Standard equation of a progressive wave is given by
$$y=\operatorname{asin}(\omega t-k x+\phi)$$
This is travelling along positive $x$-direction.
Given equation is $\quad y=5 \sin (100 \pi t-0.4 \pi x)$
Comparing with the standard equation
(a) Amplitude $=5 \mathrm{~m}$
(b) $k=\frac{2 \pi}{\lambda}=0.4 \pi$
$\therefore \quad$ Wavelength $\lambda=\frac{2 \pi}{k}=\frac{2 \pi}{0.4 \pi}=\frac{20}{4}=5 \mathrm{~m}$
(c) $\omega=100 \pi$
$$\begin{array}{rlrl} \omega =2 \pi v=100 \pi \\ \therefore \quad \text { Frequency } v =\frac{100 \pi}{2 \pi}=50 \mathrm{~Hz} \end{array}$$
$$\begin{aligned} &\text { (d) Wave velocity } v=\frac{\omega}{k} \text {, where } k \text { is wave number and } k=\frac{2 \pi}{\lambda} \text {. }\\ &\begin{aligned} & =\frac{100 \pi}{0.4 \pi}=\frac{1000}{4} \\ & =250 \mathrm{~m} / \mathrm{s} \end{aligned} \end{aligned}$$
$$\begin{aligned} &\begin{aligned} \text { (e) }\quad y & =5 \sin (100 \pi t-0.4 \pi x) \quad \text{... (i)}\\ \frac{d y}{d t} & =\text { particle velocity } \end{aligned} \end{aligned}$$
From Eq. (i),
$$\frac{d y}{d t}=5(100 \pi) \cos [100 \pi t-0.4 \pi x]$$
For particle velocity amplitude $\left(\frac{d y}{d t}\right)_{\max }$
Which will be for $\{\cos [100 \pi t-0.4 \pi x]\}_{\max }=1$
$\therefore$ Particle velocity amplitude
$$\begin{aligned} & =\left(\frac{d y}{d t}\right)_{\max }=5(100 \pi) \times 1 \\ & =500 \pi \mathrm{~m} / \mathrm{s} \end{aligned}$$
For the harmonic travelling wave $y=2 \cos 2 \pi(10 t-0.0080 x+3.5)$ where $x$ and $y$ are in cm and $t$ is in second. What is the phase difference between the oscillatory motion at two points separated by a distance of
(a) 4 m
(b) 0.5 m
(c) $\frac{\lambda}{2}$
(d) $\frac{3 \lambda}{4}$ (at a given instant of time)

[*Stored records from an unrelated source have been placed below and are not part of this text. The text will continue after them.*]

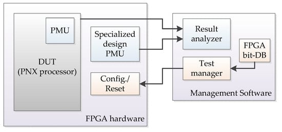 Figure 4 shows a conceptual block diagram of the FPGA system. The system comprises two parts: FPGA hardware and management software. The FPGA hardware hosts the target processor core and other components that facilitate performance analysis. The processor core has a conventional PMU that can perform general performance analysis. For information that cannot be obtained from the PMU, a specially designed PMU (SD-PMU) outside the processor core can be utilized. The SD-PMU is capable of supporting any processor hardware analysis because it can connect to any hardware signal in the processor if required. Another FPGA hardware component, the config/reset unit (CRU), is used to control the configuration of a design under test (DUT), such as frequency regulation and system reset.
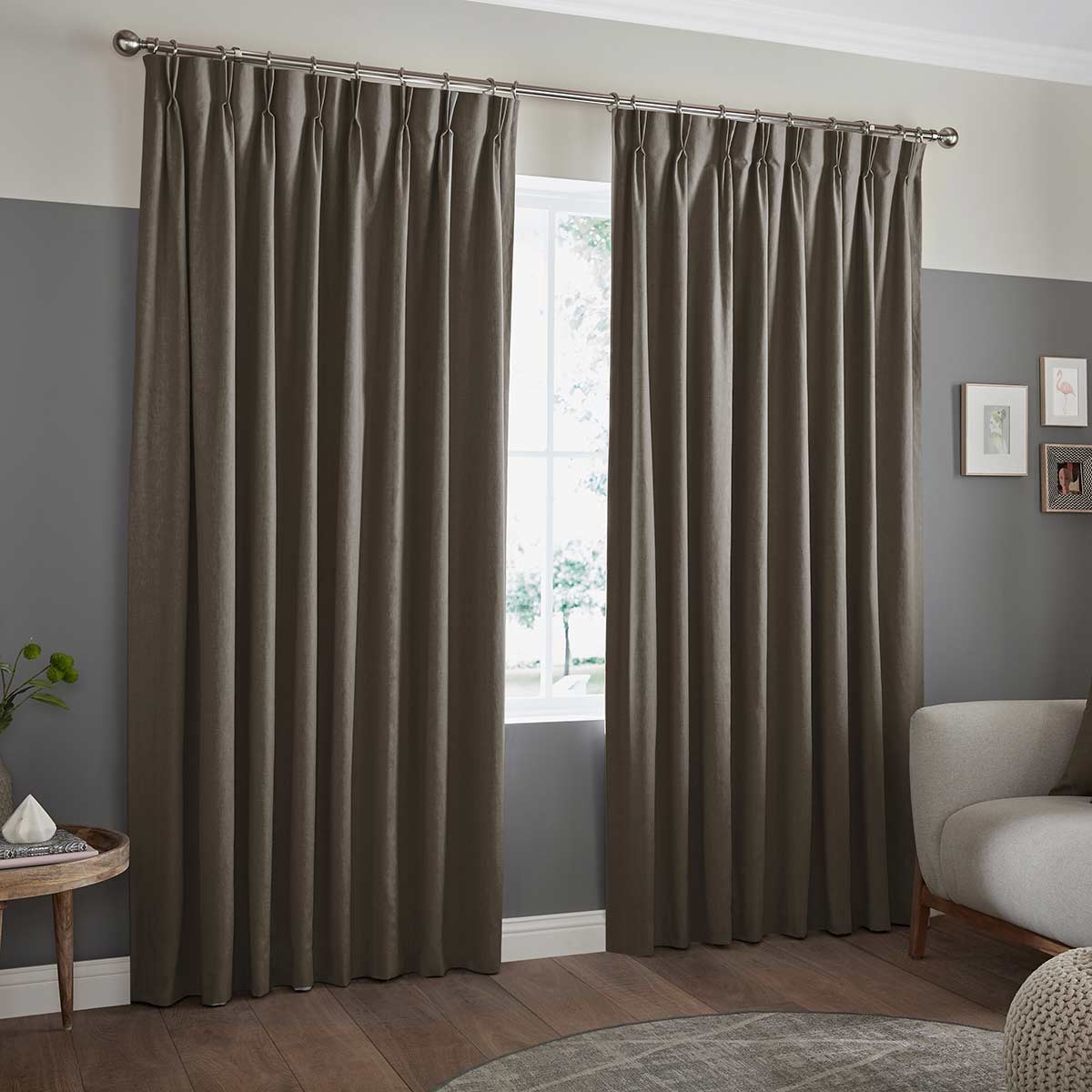 Double/Triple pinch pleat - Pinch pleat curtains can be fitted to a pole or a track. This header style has permenant sewn in pleats available in 4 inch or 6 inch sizes. A gliding hook at 100mm allows you to set the perfect position.
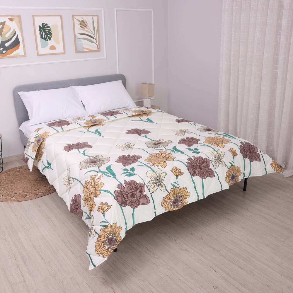 Зимната олекотена завивка „Мирабел Алия“ предлага стил и уют с елегантния си дизайн, вдъхновен от арт деко стила. Бежови и кафяви цветя върху светъл екрю фон създават нежна и изискана атмосфера в спалнята, като придават топлина и модерност на всяко единично легло.
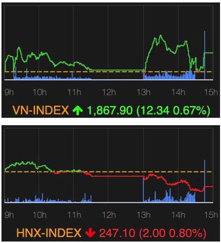 ホーチミン市場は1863.21(+0.41%)で寄り付いた後、さらに値を上げたが、中盤から前引けにかけて値を消した。後場に入り、一時1853.16 (▲0.13%)まで下落すると、すぐプラス圏に浮上、1880.16(+1.33%)まで上昇した。その後は引けにかけて再び値を消し、VNインデックスは+12.34ポイント(+0.67%)高の1867.90で引けた。
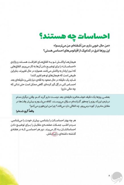 این کتاب، در ادامهی کتابهای «چگونه از بدنم مراقبت و نگهداری کنم؟» به نحوهی مدارا کردن با احساساتت میپردازد. چه شاد باشی، چه غمگین، چه عصبانی یا نگران و هیجانزده، چه بترسی یا سرخوش باشی، با خواندن این کتاب، چیزهایی را یاد میگیری که در پذیرش و مدیریت احساساتت به کمکت میآیند.

(e) What is the phase difference between the oscillation of a particle located at $x=100 \mathrm{~cm}$, at $t=T \mathrm{sec}$ and $t=5$ ?

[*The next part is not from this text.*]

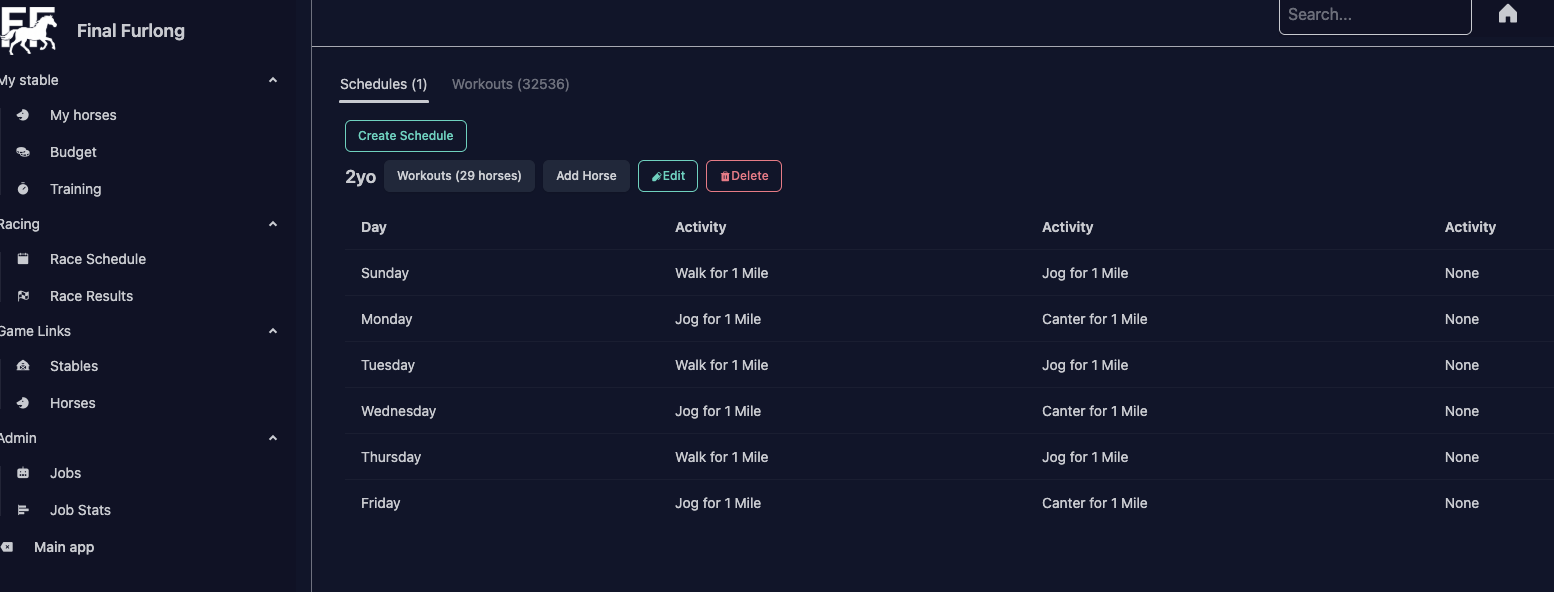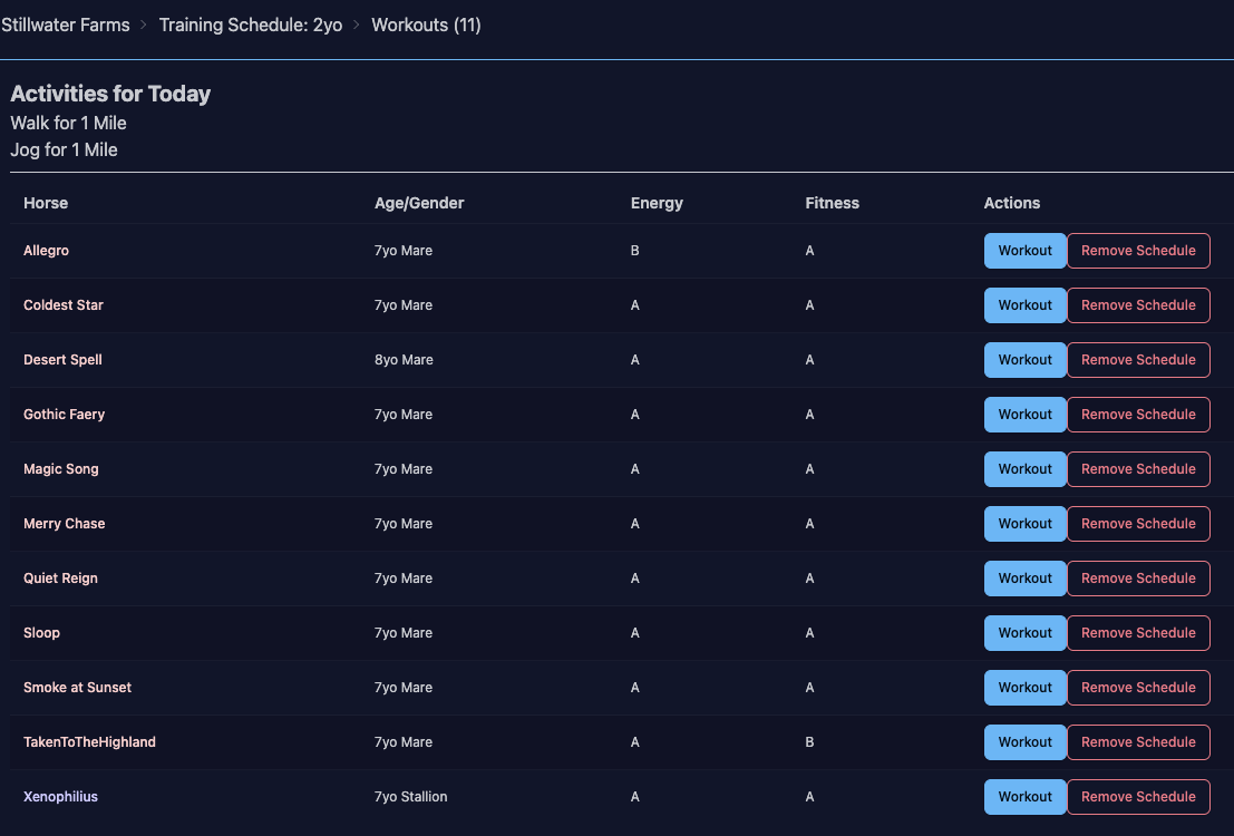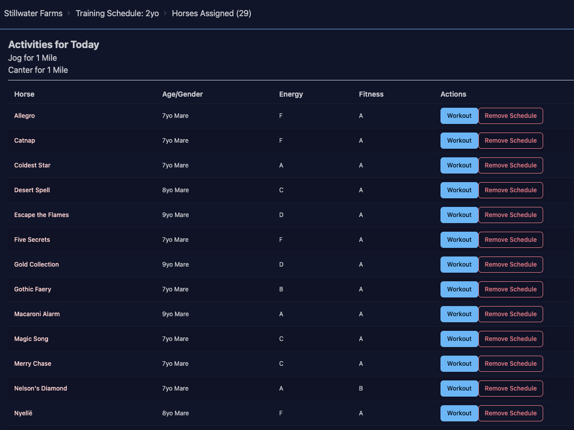 Clicking Horses gives you a list of all the horses assigned to that workout, followed by all your other racehorses who are not assigned to another schedule. You then have the option to remove the schedule from the first set, or add the schedule to the second set.

$$\begin{aligned} &\text { Given, wave functions are }\\ &\begin{aligned} y & =2 \cos 2 \pi(10 t-0.0080 x+3.5) \\ & =2 \cos (20 \pi t-0.016 \pi x+7 \pi) \end{aligned} \end{aligned}$$
Now, standard equation of a travelling wave can be written as
$$y=a \cos (\omega t-k x+\phi)$$
On comparing with above equation, we get
$$\begin{aligned} & a=2 \mathrm{~cm} \\ & \omega=20 \pi \mathrm{rad} / \mathrm{s} \\ & k=0.016 \pi \end{aligned}$$
Path difference = 4 cm
$$ \begin{aligned} &\text { (a) Phase difference } \Delta \phi=\frac{2 \pi}{\lambda} \times \text { Path difference }\\ &\begin{aligned} \therefore \quad \Delta \phi & =0.016 \pi \times 4 \times 100 \quad \left(\because \frac{2 \pi}{\lambda}=k\right)\\ & =6.4 ~\pi \mathrm{~rad} \end{aligned} \end{aligned}$$
$$\begin{aligned} \text { (b) } \Delta \phi=\frac{2 \pi}{\lambda} \times(0.5 \times 100) \quad [\because \text { Path difference }=0.5 \mathrm{~m}] \\ =0.016 ~\pi \times 0.5 \times 100 \\ =0.8 \pi ~\mathrm{~rad} \end{aligned}$$
(c) $\Delta \phi=\frac{2 \pi}{\lambda} \times\left(\frac{\lambda}{2}\right)=\pi \mathrm{rad}\quad$ [$$\because$$ Path difference = $$\lambda/2$$]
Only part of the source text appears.